(Recorded data)
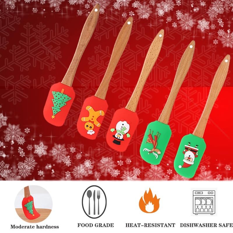 Christmas Spatula Set, 5 Pcs Kitchen Christmas Silicone Spatula Set with Wood...
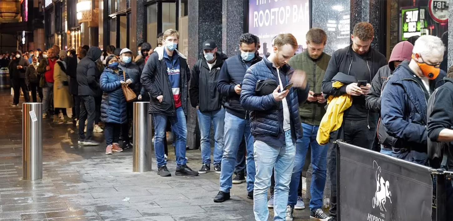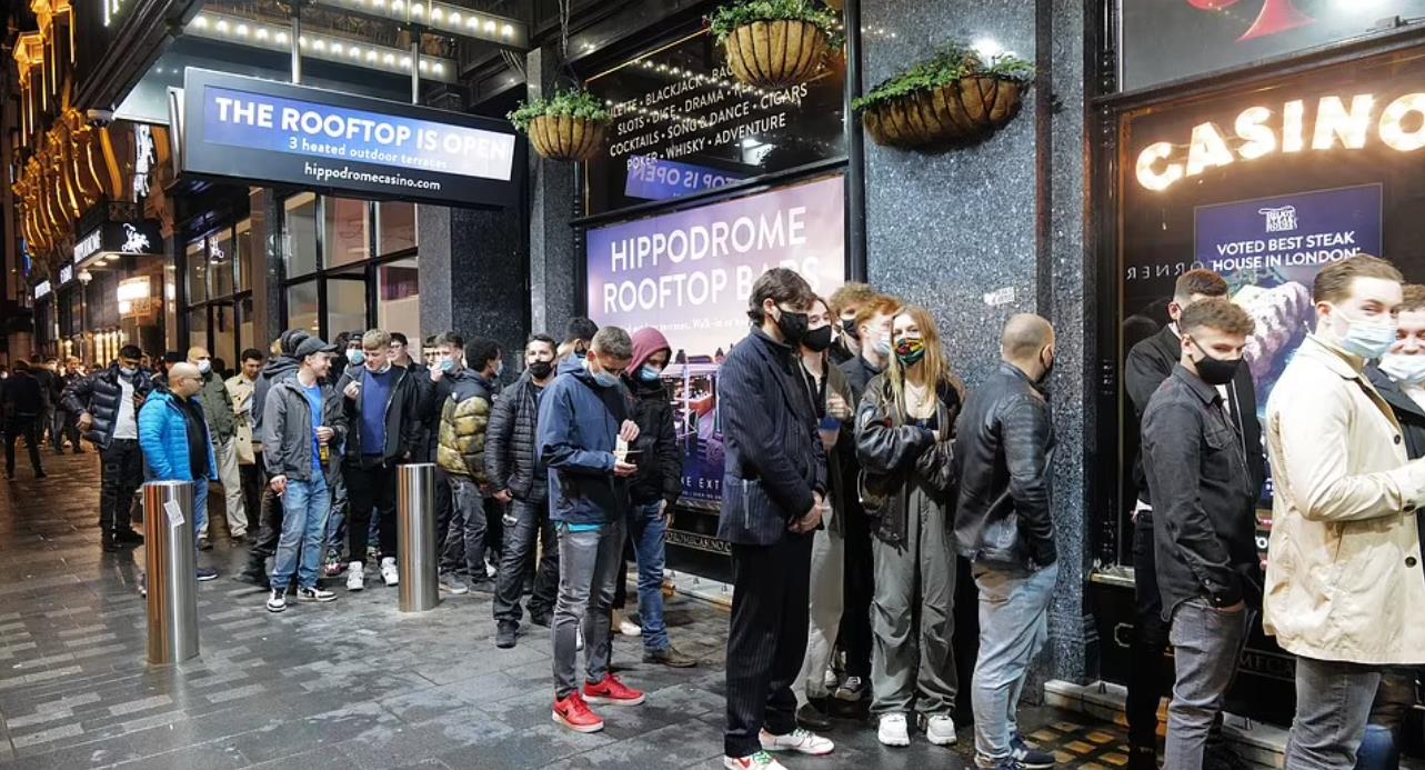 位于莱斯特广场的竞技场也排起了长长的队伍,人们都等待着解封后可以放肆玩乐。
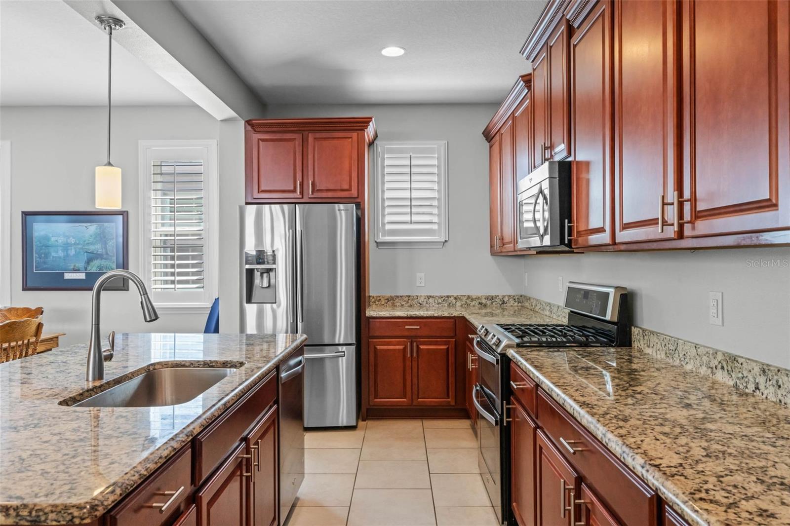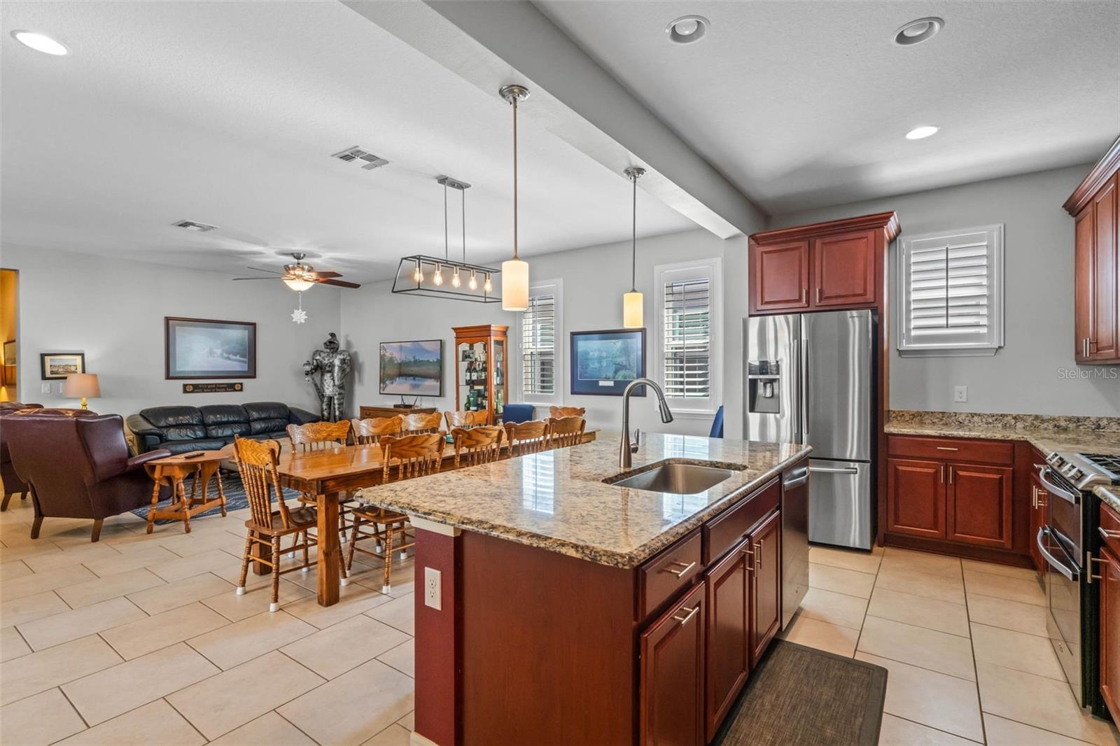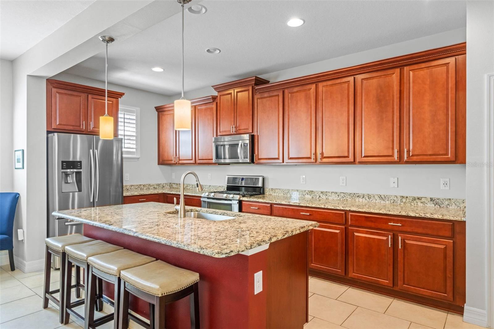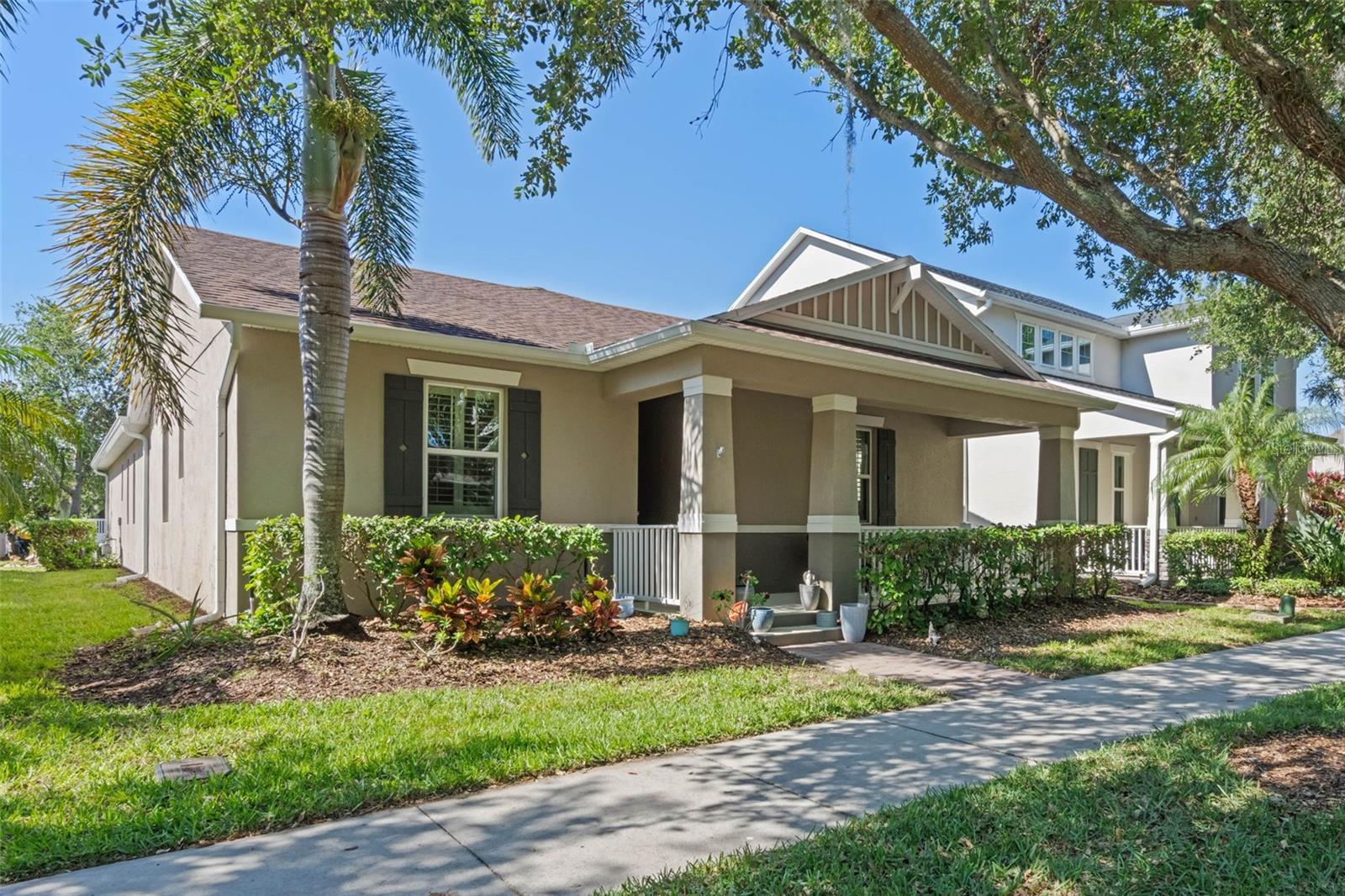 Welcome home to this beautiful residence in the highly desirable Summerlake community of Winter Garden! This charming single-story home features an open floor plan with 4 bedrooms, 2 bathrooms, and an oversized garage that accommodates two cars plus a golf cart. The spacious front porch invites you to relax and enjoy the friendly neighborhood vibe, with plenty of room for seating. Inside, you'll find extended tile flooring throughout the main living areas, elegant plantation shutters, and craftsman-style interior doors that add a touch of timeless character. At the heart of the home, the chef’s kitchen features a large granite island overlooking the family room, complete with a single basin sink and stylish pendant lighting. The kitchen is equipped with a gas range with double ovens, ample cabinetry with built-in trash cabinet and rollout drawers, and generous counter space—perfect for both everyday living and entertaining. Whether you're a passionate home cook or simply enjoy hosting family and friends, you’ll love the thoughtful features of this kitchen. The kitchen flows seamlessly into the dining area and spacious family room, creating an inviting and open atmosphere. A sliding glass door leads to the oversized, covered, and screened lanai—ideal for outdoor living. You'll enjoy the built-in grill area with a beverage refrigerator, perfect for weekend barbecues or evening relaxation. The fully fenced backyard adds privacy and charm, making it a cozy retreat. The primary suite is a true sanctuary, filled with natural light and designed for comfort. The ensuite bathroom features a walk-in shower, soaking tub, and a spacious walk-in closet. Additional bedrooms are well-sized, with the fourth bedroom also offering a walk-in closet. The secondary bathroom is finished with granite countertops and modern fixtures. The laundry room is generously sized, with space for a second refrigerator, and comes equipped with a washer and dryer. One of the standout features of this home is the added garage bay—perfect for storing a golf cart, bikes, workshop tools, or additional storage. The extended driveway also provides extra parking space. The Summerlake community offers resort-style amenities, including a pool with splash pad, clubhouse, fitness center, tennis courts, dog park, playgrounds, and a half basketball court. The HOA covers lawn maintenance, allowing for low-maintenance living. The home is zoned for A-rated schools, and Summerlake Elementary is conveniently located within the community. You’ll also love the convenience of being near the Hamlin retail center, with shops, dining, a hospital, theater, and more—all just minutes away from the 429 Expressway. Plus, you’re a short drive from Disney and other world-famous Orlando attractions. This home has been lovingly cared for and is ready for new owners to make lasting memories. Don’t miss the opportunity to make it yours—schedule your private showing today!
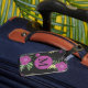 Utformning av söt lila och svart blomma på och tillbehör till personliger.
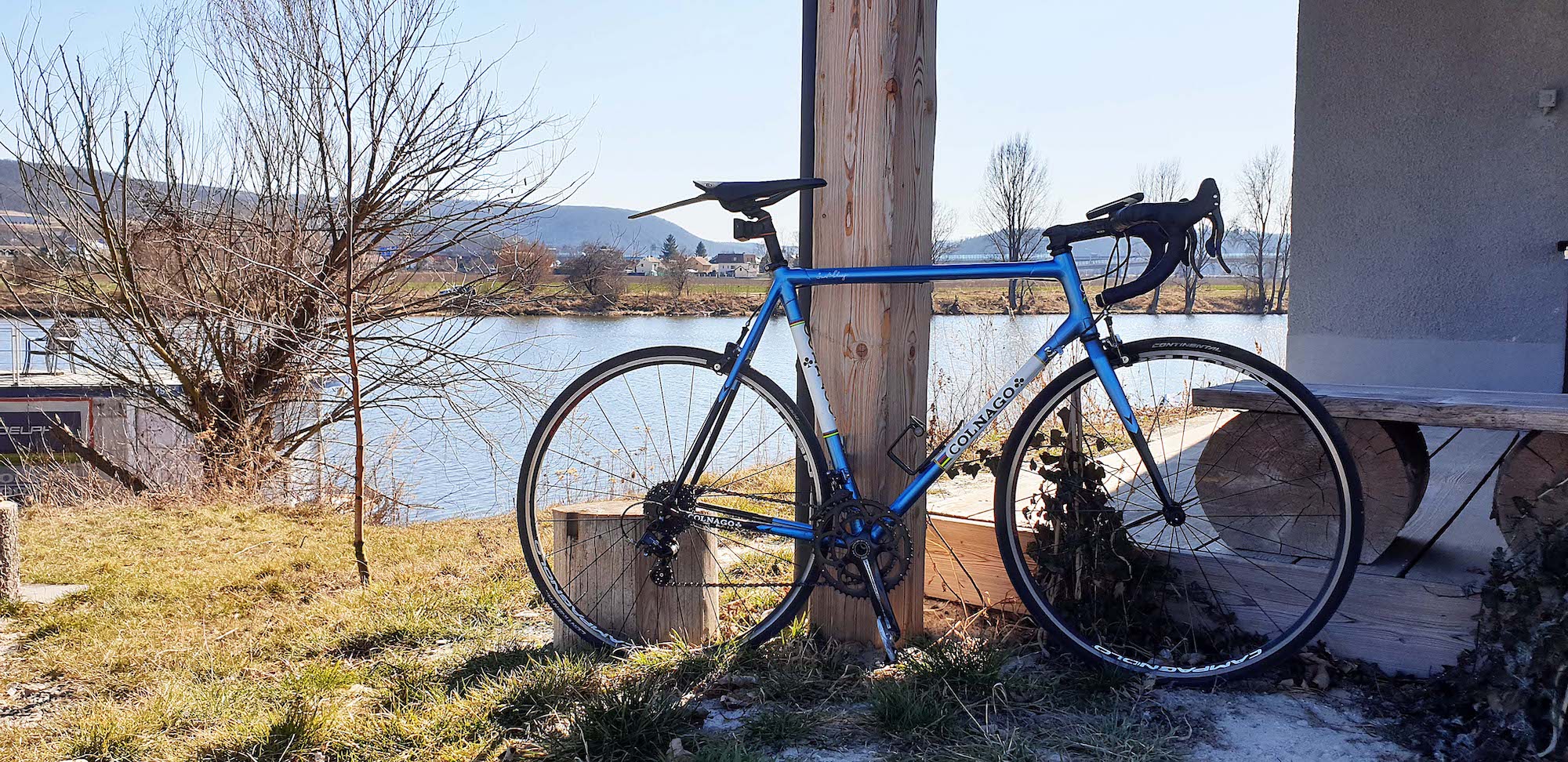 Started with a 2003 De Rosa that I had bought cheap to get some parts from. This frame is totally out of my comfort zone (I believe racing bicycles were at their best about 1971 or so...). This is both aluminium and carbon and I built it up with a Campagnolo Record 10v group set that I had on the shelf. Carbon, alu and titanium. Butt ugly most of it. But(t) light...
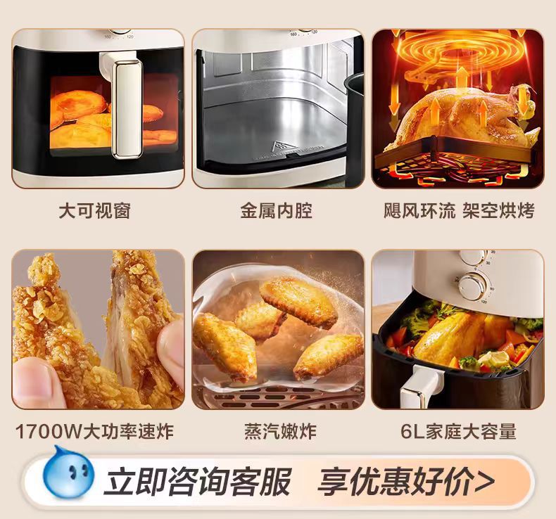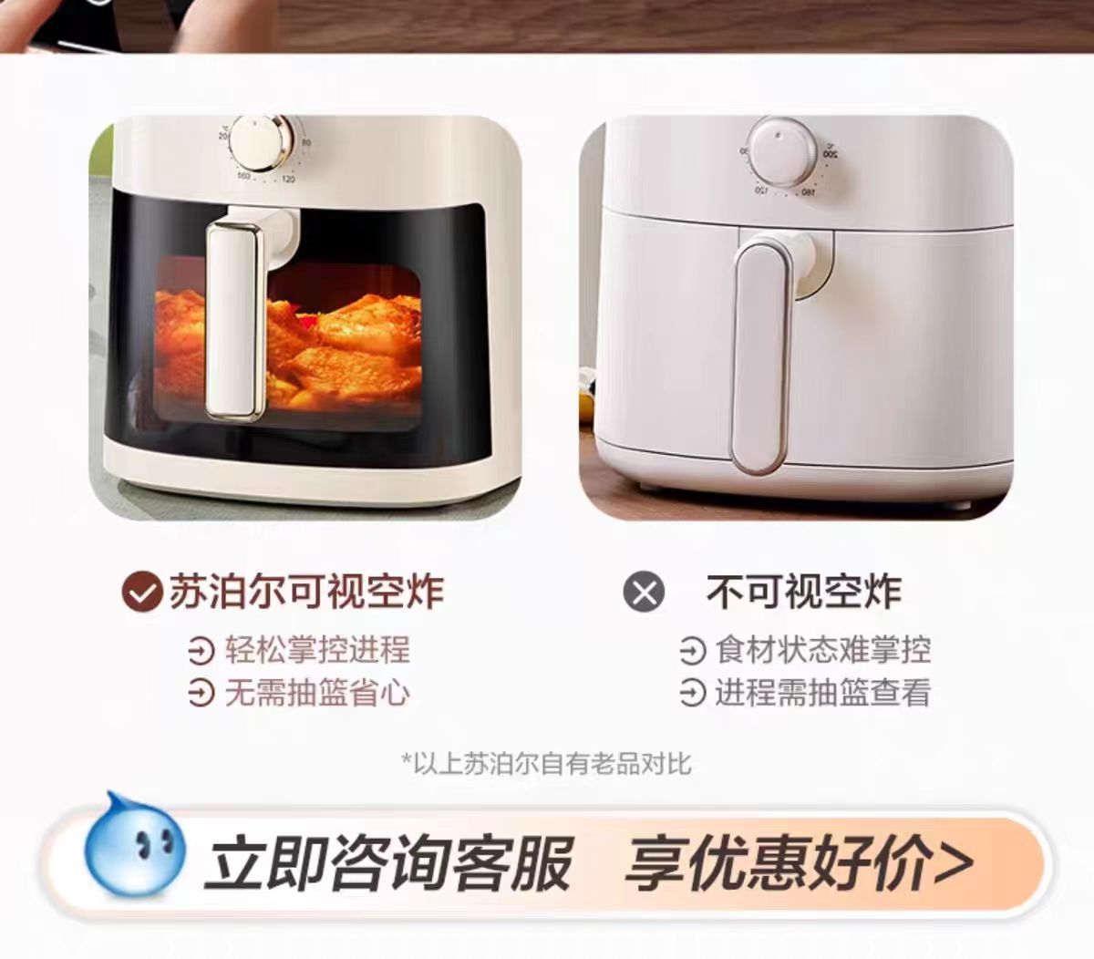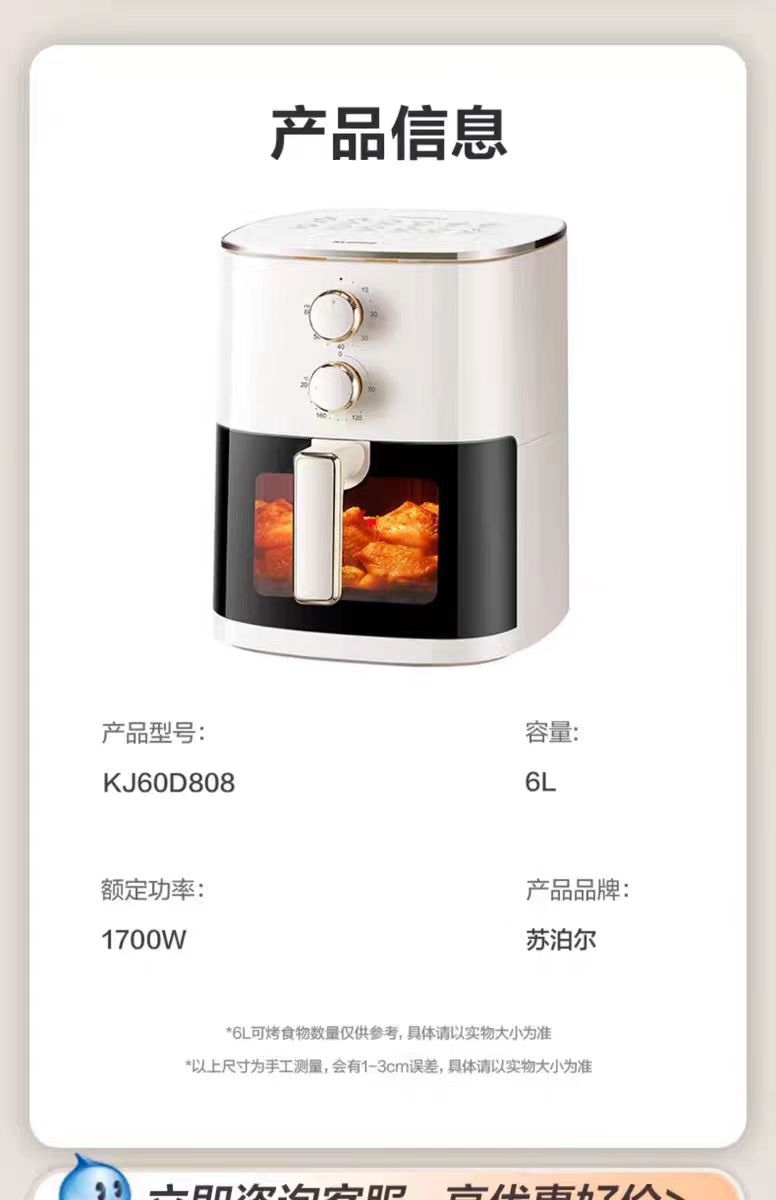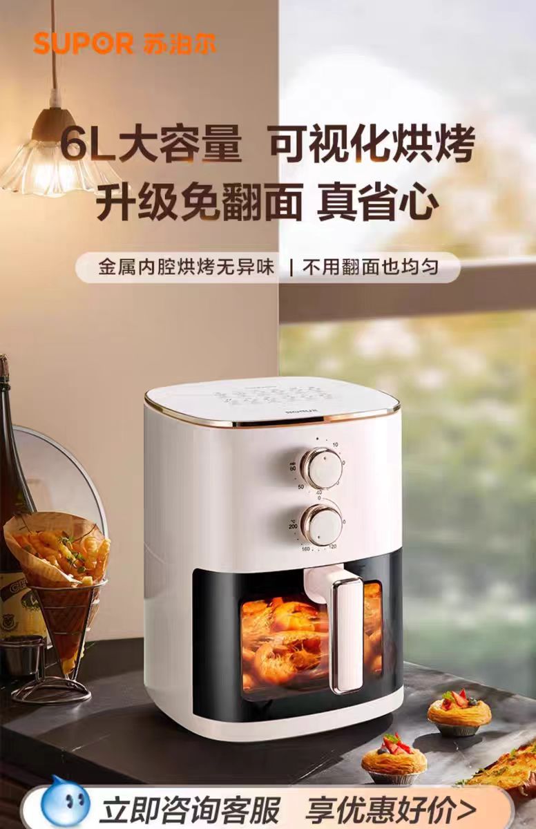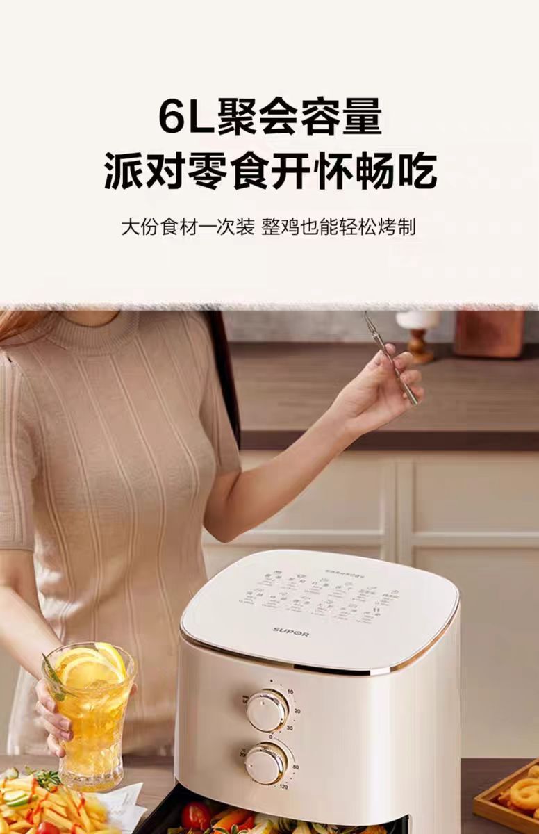 Supor 에어 프라이어 가정용 6L 대용량 비주얼 오븐 올인원 전기 프라이어 감자 튀김 기계 도매 선물스토어 가기

*Work to be completed*. Locate the line containing "Utformning av söt" in the records above, then output it and every line after it through the last, excluding pictures.

*Exercise output*.
 Utformning av söt lila och svart blomma på och tillbehör till personliger.
 Started with a 2003 De Rosa that I had bought cheap to get some parts from. This frame is totally out of my comfort zone (I believe racing bicycles were at their best about 1971 or so...). This is both aluminium and carbon and I built it up with a Campagnolo Record 10v group set that I had on the shelf. Carbon, alu and titanium. Butt ugly most of it. But(t) light...
 Supor 에어 프라이어 가정용 6L 대용량 비주얼 오븐 올인원 전기 프라이어 감자 튀김 기계 도매 선물스토어 가기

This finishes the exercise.